The breakthrough procedures were performed in the Republic of Georgia as part of a feasibility study evaluating the system's safety
Relief Cardiovascular, a private company developing transcatheter smart implants to transform the treatment of heart failure, today announced the successful first-in-human use of the Relief System – the world’s first implant designed to both hemodynamically monitor and treat congestion in heart failure.

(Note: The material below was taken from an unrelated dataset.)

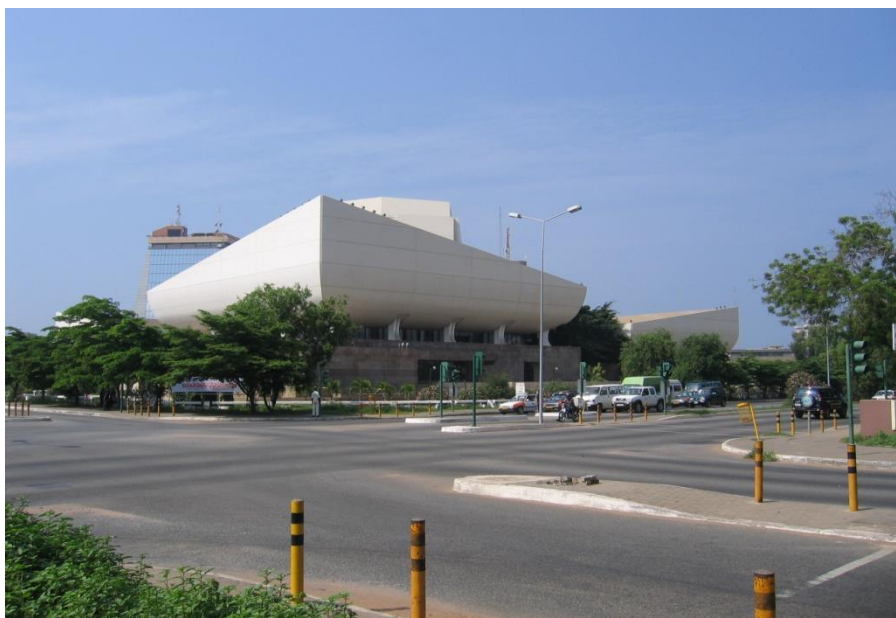
加纳首都标志性建筑——加纳国家剧院外景

The breakthrough procedures were performed in the Republic of Georgia as part of a feasibility study evaluating the system’s safety. Implantations were carried out by Dr. Tamaz Shaburishvili, Dr. Levan Sulakvelidze, and Dr. Gigi Shaburishvili at Tbilisi Heart and Vascular Center, with support from Dr. Alex Rothman, Professor of Cardiology at the University of Sheffield. Patients were discharged to their homes with their implanted Relief System automatically syncing with the cloud nightly.

The Relief System features a pressure-guided active valve implanted in the vena cava to dynamically reduce cardiac preload and enhance renal vein flow on demand. By integrating hemodynamic monitoring with an adaptive hemodynamic therapy into a single transcatheter implant system, the Relief System introduces a new paradigm in heart failure: direct, personalized decongestion via a data-driven therapeutic implant.

“Managing heart failure often feels like aiming at a moving target,” said Dr. Alex Rothman. “In small cohorts of patients, clinical teams track remotely-measured pressures and continuously adjust medications to optimize therapy, which has been proven to improve outcomes. However, scaling this manual approach to the millions of heart failure patients in need is a challenge. In these first-in-human procedures, we demonstrated the Relief System’s ability to remotely measure cardiac preload and produce a meaningful reduction in cardiac preload and renal afterload when desired. These procedures represent a major step forward in managing congestion at scale with an intelligent implantable therapeutic system.”

“Achieving first-in-human use is a major milestone for Relief Cardiovascular and a testament to the strength of our clinical and engineering teams,” said Alex Cooper, Chief Executive Officer of Relief Cardiovascular. “Seeing the immediate, tunable hemodynamic effect in our treated patients strengthens our conviction that data-driven therapeutic implants represent the future of heart failure treatment. These procedures mark the beginning of that future.”